Comment of Senator Leahy On The Supreme Court’s Decision On Cell-Site Location Information, In Carpenter v. U.S.

The U.S. Supreme Court Friday issued an opinion in Carpenter v. U.S., holding that the Fourth Amendment generally requires the government to obtain a warrant to obtain geolocation information through cell-site location information.  Senator Patrick Leahy (D-Vt.), a leading member of the Senate Judiciary Committee, and the lead sponsor of the bipartisan Electronic Communications Privacy Act (ECPA) Modernization Act (S.1657), released the following comment:

“The Supreme Court’s decision perfectly illustrates that old legal constructions, like the third-party doctrine, struggle to keep up with our ‘seismic shifts in digital technology.’  As more and more of our sensitive information is held by third parties, this decision is a step forward in ensuring that our most private information — our communications, our photos, our financial and medical records, our every location — receives the Fourth Amendment protection it deserves. 

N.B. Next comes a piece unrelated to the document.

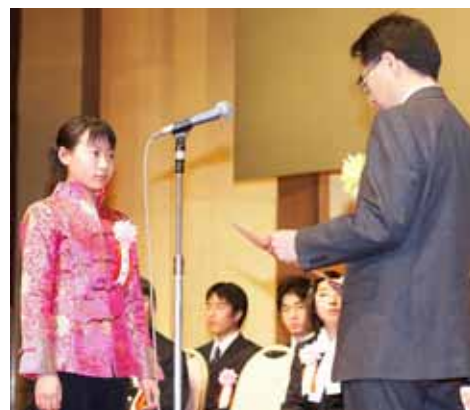
中国からの受賞者

全国学芸科学コンクールは中国との文化交流を目的に、中国の出版社「中国少年儿童新聞出版総社」が主催する各種コンクールの上位入賞作品の特に優秀なものに対して、「旺文社社長賞」の授与も行っております。昨年の第51回表彰式には、本賞を受賞した生徒も、中国から出席しました。受賞パーティーでは、日本人の受賞者と言葉の壁を越えて、楽しげに交流している姿が見受けられました。

“But Congress must not rely on the courts to modernize our antiquated privacy laws.  My ECPA Modernization Act, which I introduced with Senator Lee, would have required a warrant for precisely the type of geolocation information at issue in Carpenter.  It would also close other major loopholes in protecting our Fourth Amendment privacy rights, like requiring a warrant for electronic content.  Congress must not abdicate its own responsibilities as technology advances, and it should quickly take up our legislation to accomplish these key reforms.”